Activity — Below is a listing with pictures. Repeat exactly the lines starting at the one holding "Модель выполнена из" and going on through the one holding "regional, Maximiliano Funes.", and leave every picture out.

Material provided —
——————————
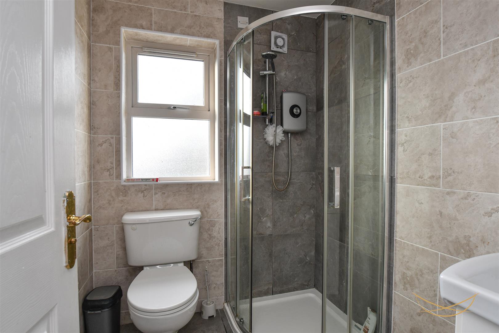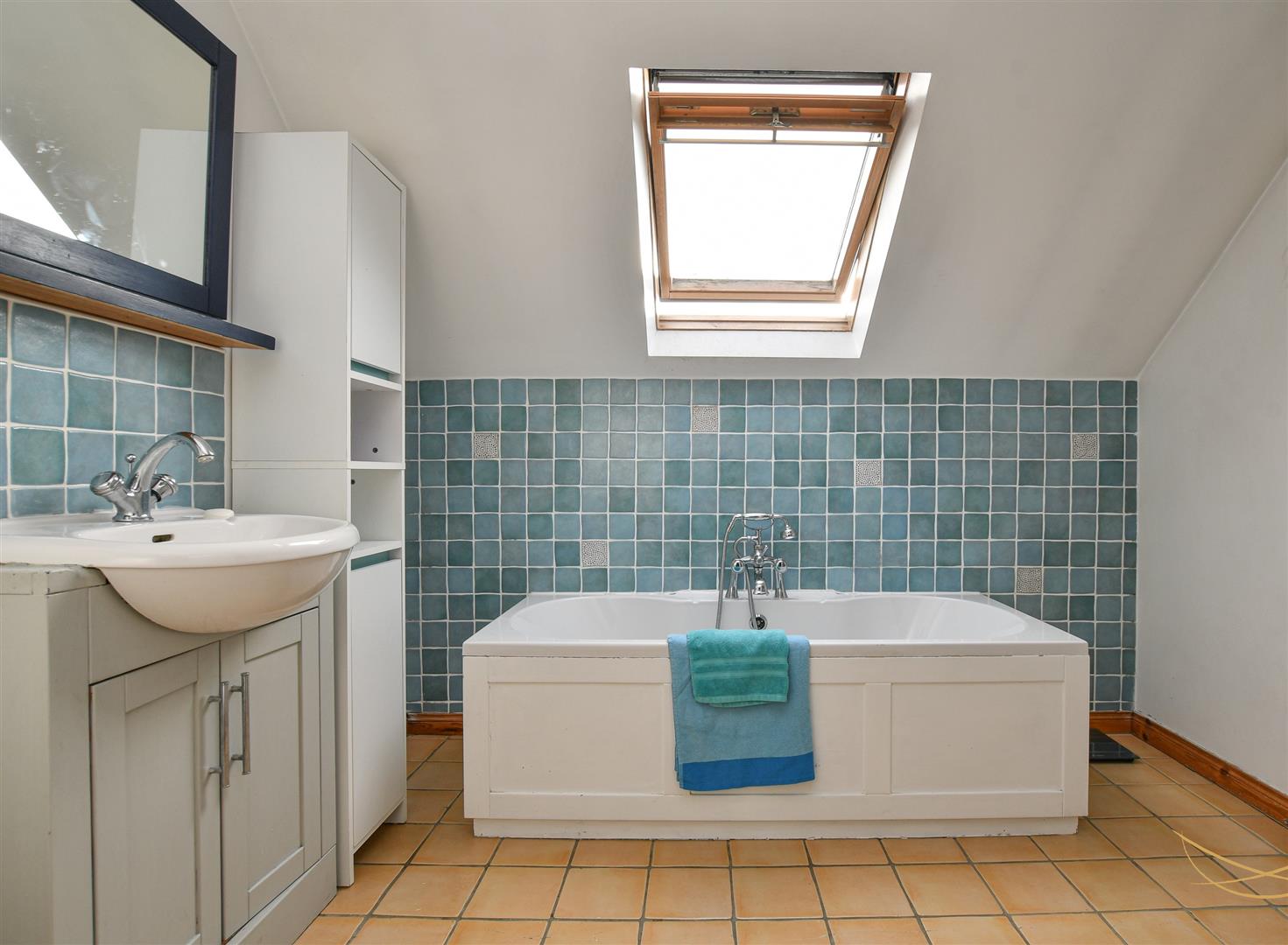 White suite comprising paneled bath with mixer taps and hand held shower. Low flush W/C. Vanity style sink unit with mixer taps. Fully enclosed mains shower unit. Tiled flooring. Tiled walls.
——————————
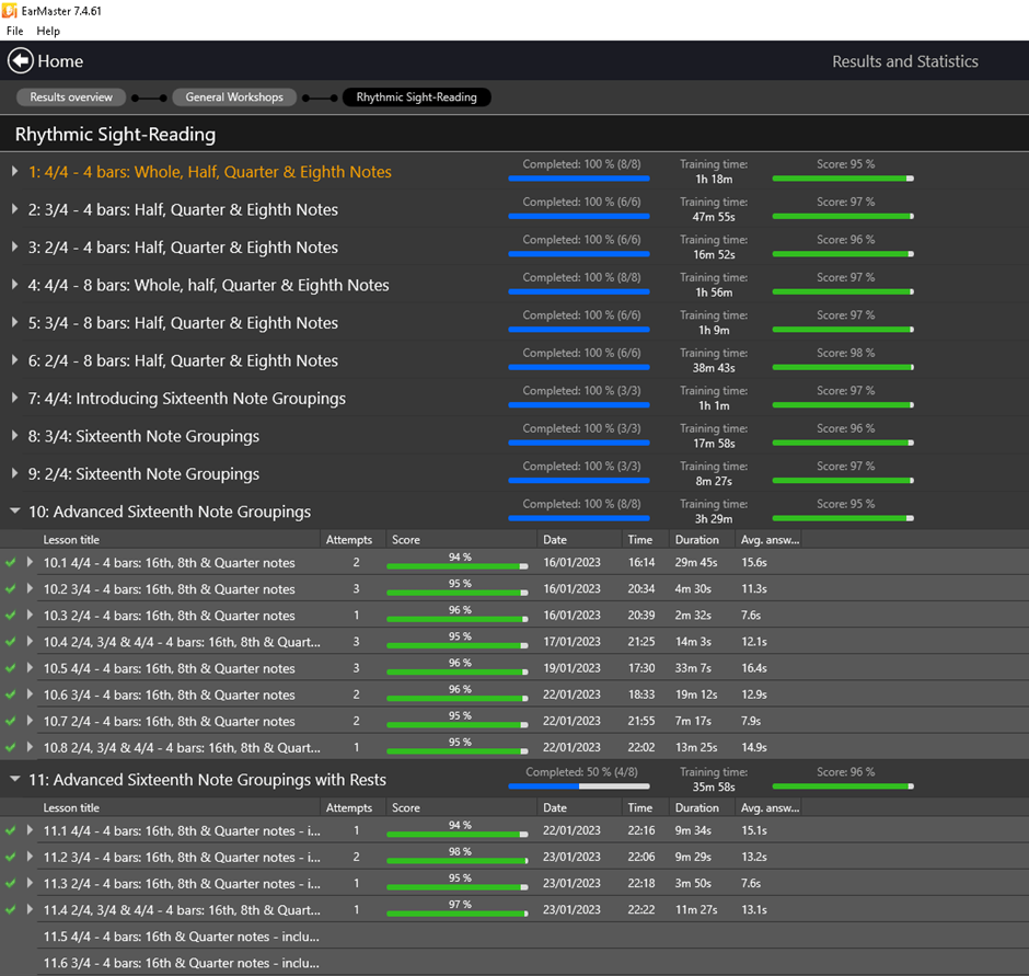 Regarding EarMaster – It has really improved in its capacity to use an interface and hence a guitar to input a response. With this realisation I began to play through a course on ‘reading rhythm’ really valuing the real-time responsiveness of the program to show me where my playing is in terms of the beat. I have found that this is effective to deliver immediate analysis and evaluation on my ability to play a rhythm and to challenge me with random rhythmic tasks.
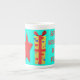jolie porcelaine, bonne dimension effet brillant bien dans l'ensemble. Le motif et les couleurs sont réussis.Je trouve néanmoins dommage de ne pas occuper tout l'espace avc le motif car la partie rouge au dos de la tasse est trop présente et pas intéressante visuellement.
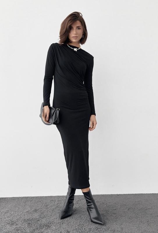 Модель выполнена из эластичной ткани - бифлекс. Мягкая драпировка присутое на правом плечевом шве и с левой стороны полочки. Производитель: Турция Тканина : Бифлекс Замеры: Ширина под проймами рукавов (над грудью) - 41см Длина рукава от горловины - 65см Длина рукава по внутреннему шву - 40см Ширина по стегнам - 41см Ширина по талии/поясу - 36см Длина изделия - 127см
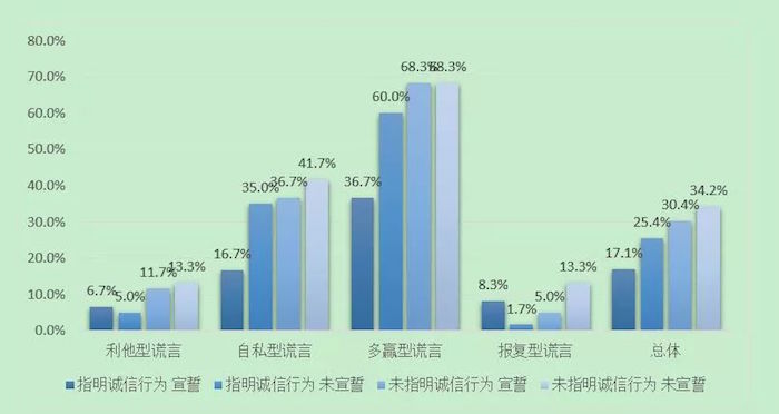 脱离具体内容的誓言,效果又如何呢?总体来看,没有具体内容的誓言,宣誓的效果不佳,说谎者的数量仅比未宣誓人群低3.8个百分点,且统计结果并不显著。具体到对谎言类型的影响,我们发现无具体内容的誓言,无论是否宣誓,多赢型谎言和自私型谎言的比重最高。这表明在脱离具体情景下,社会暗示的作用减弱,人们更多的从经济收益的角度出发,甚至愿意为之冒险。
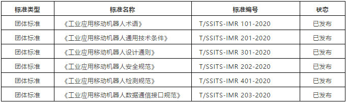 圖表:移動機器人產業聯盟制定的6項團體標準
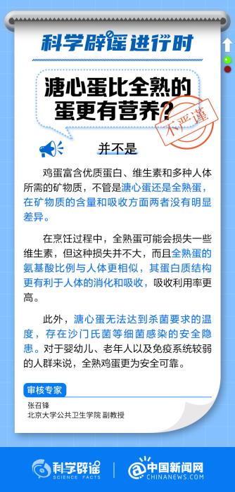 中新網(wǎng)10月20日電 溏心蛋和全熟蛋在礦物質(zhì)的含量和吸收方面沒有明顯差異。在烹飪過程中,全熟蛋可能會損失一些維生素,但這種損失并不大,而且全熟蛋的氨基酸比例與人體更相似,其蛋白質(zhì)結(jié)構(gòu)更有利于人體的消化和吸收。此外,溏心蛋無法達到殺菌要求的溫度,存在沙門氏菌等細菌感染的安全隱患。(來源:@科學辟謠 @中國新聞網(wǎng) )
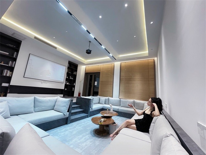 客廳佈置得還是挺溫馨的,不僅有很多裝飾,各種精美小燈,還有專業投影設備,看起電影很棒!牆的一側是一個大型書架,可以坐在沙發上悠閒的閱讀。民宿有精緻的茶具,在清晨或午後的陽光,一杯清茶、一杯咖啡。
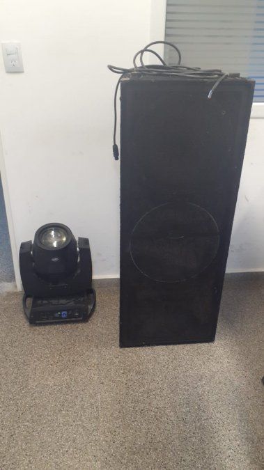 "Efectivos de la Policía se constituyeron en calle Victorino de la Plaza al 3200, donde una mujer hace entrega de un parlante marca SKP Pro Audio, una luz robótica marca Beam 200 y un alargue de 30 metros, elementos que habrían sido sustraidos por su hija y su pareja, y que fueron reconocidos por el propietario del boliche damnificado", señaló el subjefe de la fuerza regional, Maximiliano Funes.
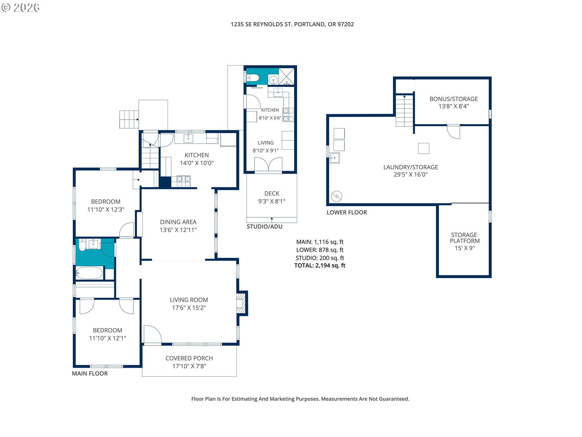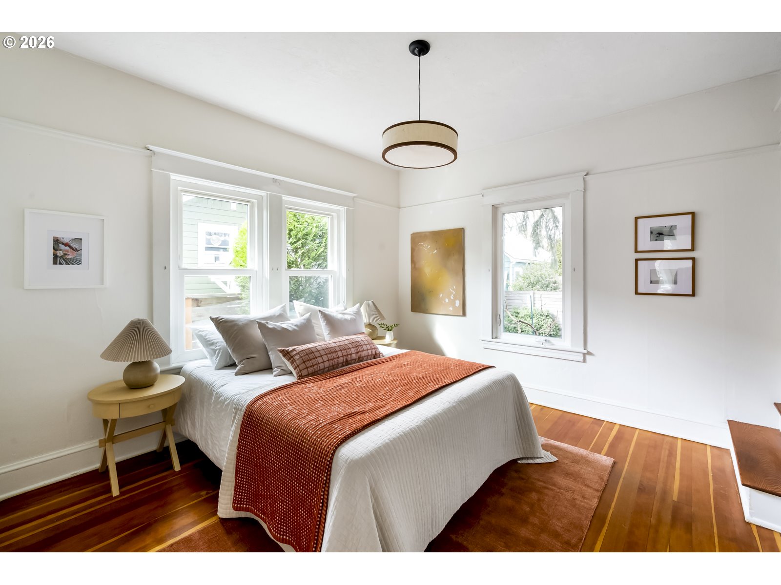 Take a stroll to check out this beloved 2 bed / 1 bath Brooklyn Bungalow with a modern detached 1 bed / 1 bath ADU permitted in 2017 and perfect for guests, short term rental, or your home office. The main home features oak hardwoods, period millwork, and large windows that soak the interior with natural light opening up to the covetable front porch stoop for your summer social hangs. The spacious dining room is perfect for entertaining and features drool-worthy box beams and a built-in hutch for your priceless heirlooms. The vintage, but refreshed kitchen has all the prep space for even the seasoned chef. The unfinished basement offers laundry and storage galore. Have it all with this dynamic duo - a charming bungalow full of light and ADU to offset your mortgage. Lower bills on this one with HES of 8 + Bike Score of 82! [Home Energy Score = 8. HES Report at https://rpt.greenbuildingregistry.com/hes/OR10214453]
——————————
Task result —
 Модель выполнена из эластичной ткани - бифлекс. Мягкая драпировка присутое на правом плечевом шве и с левой стороны полочки. Производитель: Турция Тканина : Бифлекс Замеры: Ширина под проймами рукавов (над грудью) - 41см Длина рукава от горловины - 65см Длина рукава по внутреннему шву - 40см Ширина по стегнам - 41см Ширина по талии/поясу - 36см Длина изделия - 127см
 脱离具体内容的誓言,效果又如何呢?总体来看,没有具体内容的誓言,宣誓的效果不佳,说谎者的数量仅比未宣誓人群低3.8个百分点,且统计结果并不显著。具体到对谎言类型的影响,我们发现无具体内容的誓言,无论是否宣誓,多赢型谎言和自私型谎言的比重最高。这表明在脱离具体情景下,社会暗示的作用减弱,人们更多的从经济收益的角度出发,甚至愿意为之冒险。
 圖表:移動機器人產業聯盟制定的6項團體標準
 中新網(wǎng)10月20日電 溏心蛋和全熟蛋在礦物質(zhì)的含量和吸收方面沒有明顯差異。在烹飪過程中,全熟蛋可能會損失一些維生素,但這種損失并不大,而且全熟蛋的氨基酸比例與人體更相似,其蛋白質(zhì)結(jié)構(gòu)更有利于人體的消化和吸收。此外,溏心蛋無法達到殺菌要求的溫度,存在沙門氏菌等細菌感染的安全隱患。(來源:@科學辟謠 @中國新聞網(wǎng) )
 客廳佈置得還是挺溫馨的,不僅有很多裝飾,各種精美小燈,還有專業投影設備,看起電影很棒!牆的一側是一個大型書架,可以坐在沙發上悠閒的閱讀。民宿有精緻的茶具,在清晨或午後的陽光,一杯清茶、一杯咖啡。
 "Efectivos de la Policía se constituyeron en calle Victorino de la Plaza al 3200, donde una mujer hace entrega de un parlante marca SKP Pro Audio, una luz robótica marca Beam 200 y un alargue de 30 metros, elementos que habrían sido sustraidos por su hija y su pareja, y que fueron reconocidos por el propietario del boliche damnificado", señaló el subjefe de la fuerza regional, Maximiliano Funes.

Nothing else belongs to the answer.